From: Mel Gorman <mel@csn.ul.ie>
To: Andrea Arcangeli <aarcange@redhat.com>
Cc: linux-mm@kvack.org, Andrew Morton <akpm@linux-foundation.org>,
Marcelo Tosatti <mtosatti@redhat.com>,
Adam Litke <agl@us.ibm.com>, Avi Kivity <avi@redhat.com>,
Izik Eidus <ieidus@redhat.com>,
Hugh Dickins <hugh.dickins@tiscali.co.uk>,
Nick Piggin <npiggin@suse.de>, Rik van Riel <riel@redhat.com>,
Dave Hansen <dave@linux.vnet.ibm.com>,
Benjamin Herrenschmidt <benh@kernel.crashing.org>,
Ingo Molnar <mingo@elte.hu>, Mike Travis <travis@sgi.com>,
KAMEZAWA Hiroyuki <kamezawa.hiroyu@jp.fujitsu.com>,
Christoph Lameter <cl@linux-foundation.org>,
Chris Wright <chrisw@sous-sol.org>,
bpicco@redhat.com,
KOSAKI Motohiro <kosaki.motohiro@jp.fujitsu.com>,
Balbir Singh <balbir@linux.vnet.ibm.com>,
Arnd Bergmann <arnd@arndb.de>,
"Michael S. Tsirkin" <mst@redhat.com>,
Peter Zijlstra <peterz@infradead.org>,
Johannes Weiner <hannes@cmpxchg.org>
Subject: Re: [PATCH 00 of 41] Transparent Hugepage Support #15
Date: Fri, 26 Mar 2010 17:36:55 +0000 [thread overview]
Message-ID: <20100326173655.GC2024@csn.ul.ie> (raw)
In-Reply-To: <patchbomb.1269622804@v2.random>
On Fri, Mar 26, 2010 at 06:00:04PM +0100, Andrea Arcangeli wrote:
> Hello,
>
> this fixes a potential issue with regard to simultaneous 4k and 2M TLB entries
> in split_huge_page (at pratically zero cost, so I didn't need to add a fake
> feature flag and it's a lot safer to do it this way just in case).
> split_large_page in change_page_attr has the same issue too, but I've no idea
> how to fix it there because the pmd cannot be marked non present at any given
> time as change_page_attr may be running on ram below 640k and that is the same
> pmd where the kernel .text resides.
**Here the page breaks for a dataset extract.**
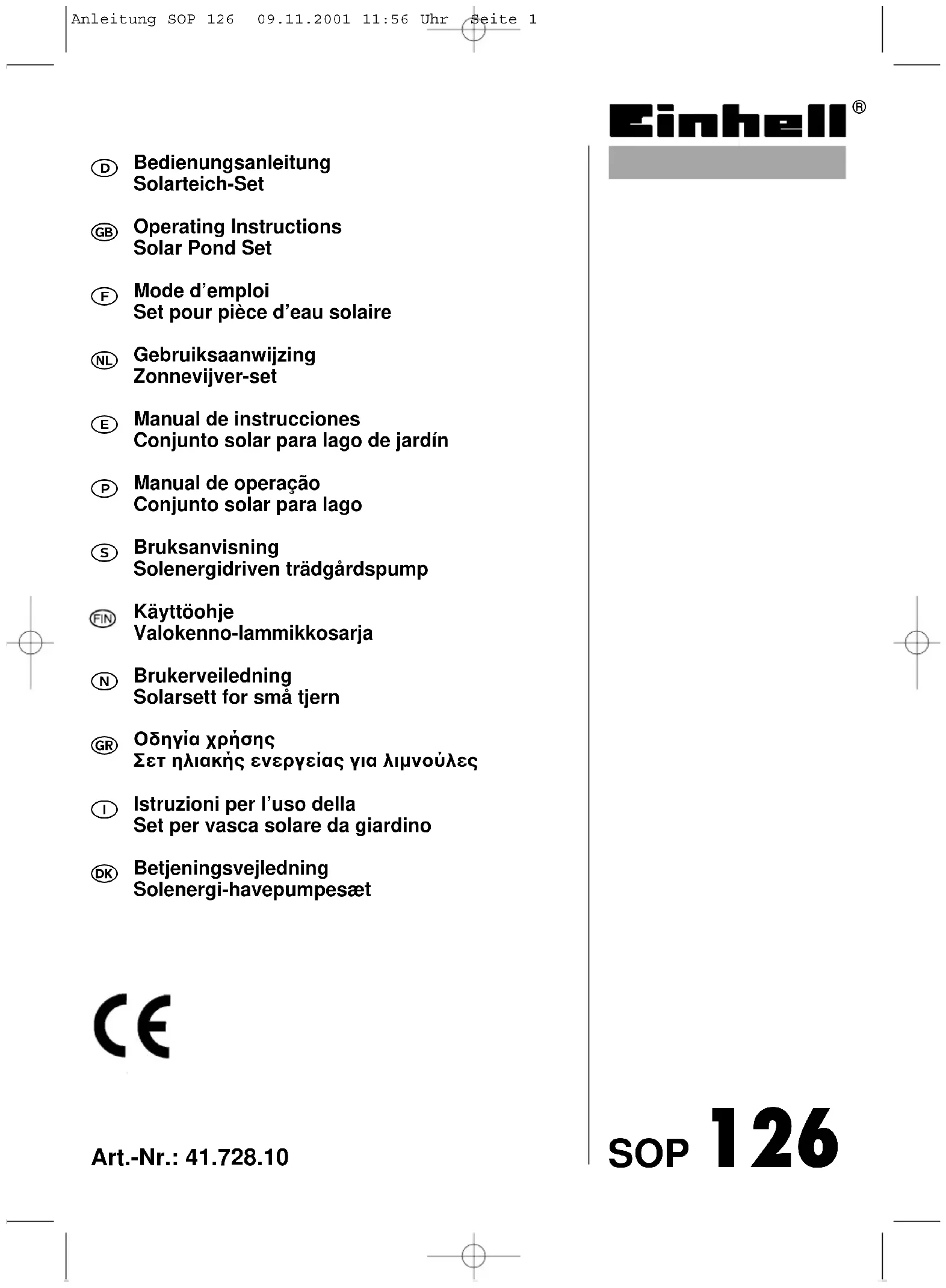 SOP 126 - Panneau solaire EINHELL - Notice d'utilisation et mode d'emploi gratuit

However I doubt it'll ever be a practical
> problem. Other cpus also has a lot of warnings and risks in allowing
> simultaneous TLB entries of different size.
>
> Johannes also sent a cute optimization to split split_huge_page_vma/mm he
> converted those in a single split_huge_page_pmd and in addition he also sent
> native support for hugepages in both mincore and mprotect. Which shows how
> deep he already understands the whole huge_memory.c and its usage in the
> callers. Seeing significant contributions like this I think further confirms
> this is the way to go. Thanks a lot Johannes.
>
> The ability to bisect before the mincore and mprotect native implementations
> is one of the huge benefits of this approach. The hardest of all will be to
> add swap native support to 2M pages later (as it involves to make the
> swapcache 2M capable and that in turn means it expodes more than the rest all
> over the pagecache code) but I think first we've other priorities:
>
> 1) merge memory compaction
Testing V6 at the moment.
> 2) writing a HPAGE_PMD_ORDER front slab allocator. I don't think memory
> compaction is capable of relocating slab entries in-use (correct me if I'm
> wrong, I think it's impossible as long as the slab entries are mapped by 2M
> pages and not 4k ptes like vmalloc).So the idea is that we should have the
Correct, slab pages currently cannot migrate. Framentation within slab
is minimised by anti-fragmentation by distinguishing between reclaimable
and unreclaimable slab and grouping them appropriately. The objective is
to put all the unmovable pages in as few 2M (or 4M or 16M) pages as
possible. If min_free_kbytes is tuned as hugeadm
--recommended-min_free_kbytes suggests, this works pretty well.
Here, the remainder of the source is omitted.